Bladder Letting You Down?

You’re not the only one! Kate Winslet hit the headlines when she announced that she can’t jump on trampolines any more and Chrissy Tiegen tweeted about coming home after the birth of her baby in ‘diapers’, as did Kim Kardashian. Have you found yourself in a similar situation soon after the birth of your baby?

It is relatively common to have some changes in bladder function in the first hours and days after giving birth, but not normal for this to continue much longer than that. During the birth process, lots of structures within the pelvis (including your pelvic floor and neural tissues) stretch to accommodate your baby as she makes her way into the world.

What Causes Bladder Problems After Birth?

There are so many factors that can cause issues with the bladder, but problems very soon after your baby’s birth are often due to stretching of this neural tissue (nerves).

These nerves allow sensation in the pelvis and structures within the pelvis – for example your bladder, pelvic floor muscles and bowel. They also carry motor signals (the commands from your brain that switch on your muscles and allow them to work).
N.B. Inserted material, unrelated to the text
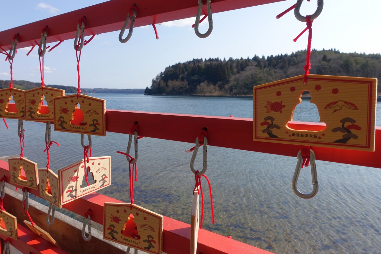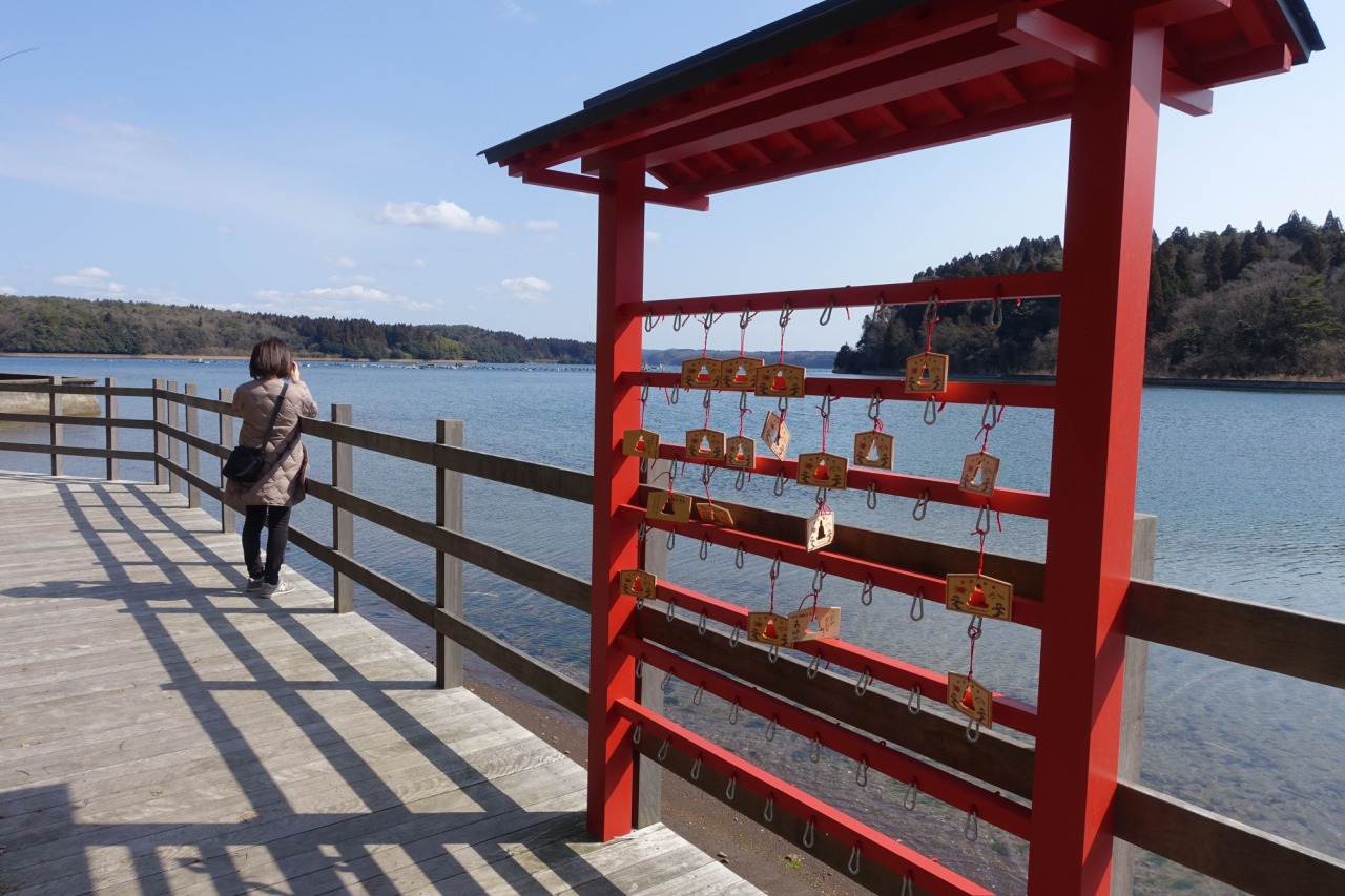 絵馬所では、多くの人の願いが潮風に揺れていました。

Over-stretching of these nerves can cause decreased sensation around the perineum, in the pelvic floor muscles (so you can’t feel it when you do your kegels), and in the bladder. This can cause symptoms like:

  • urinary urgency (needing to rush to the toilet)
  • overflow leakage (large bladder leaks due to lack of the normal urge to empty the bladder)
  • stress incontinence (leakage with coughs, sneezes or movement)
  • general lack of sensation from the structures in the pelvis.

 

How does this happen?

It’s more likely if your birth is long (particularly the second or ‘pushing’ stage) or if an instrument such as a vacuum or forceps is used to help you birth your baby. The nerves in the pelvis can be stretched or compressed during the birth. This can cause an interruption in the ‘signals’ travelling along them. This is usually temporary. The time it takes for the nerves to repair themselves depends on the extent of stretching or compression the nerve has undergone.

 

What’s the prognosis?

 

We physios classify nerve injuries into different categories but the good news is that most of the time, nerve injuries that occur during birth are minor and quickly resolve.

 

You may find that for the first few days after the birth you get little or no urge from the bladder and end up leaking because you forget to go, or that you get an uncontrollable urge and have to drop everything and run for the bathroom. This should be gradually resolving over the first few days and weeks after the birth. Here are some tips to help you manage in the meantime.

 

Tips For Bladder Issues After Birth

  1. For the first few days, empty your bladder regularly (hourly to two hourly). Set an alarm if you need to – in the business of having a new baby, you can forget until it’s a serious emergency! Once you start to become more aware of your bladder filling, you can begin to space your toilet trips out a little more. Go immediately once you get the slightest urge. When you’re managing this, you can begin to wait a little longer. You can then gradually extend the amount of time you ‘hold on’. Continue this until you’re going to the toilet at your usual frequency.
  2. Don’t change your fluid intake. It generally doesn’t help with bladder symptoms and dehydration can leave you feeling exhausted, cause UTIs (bladder/kidney infections) and affect breastfeeding.
  3. No need to start doing loads of pelvic floor (kegel) exercises right away. If you’ve had an episiotomy or larger tear and you’re sore, you’re probably clenching every time you sit down (and maybe every time you stand up too!). If your sensation ‘down there’ isn’t the best initially, it may be difficult to be sure whether you’re doing your exercises properly. Once it’s a little easier to do those everyday movements without discomfort and your sensation has improved, then you can get started on your kegels if you need to do them.
  4. Ask to be assessed and followed up by your hospital’s women’s health physio. By your 6 week check, any bladder issues should have improved significantly, if not resolved. If you are still having problems, your women’s health physio can give you expert advice and support.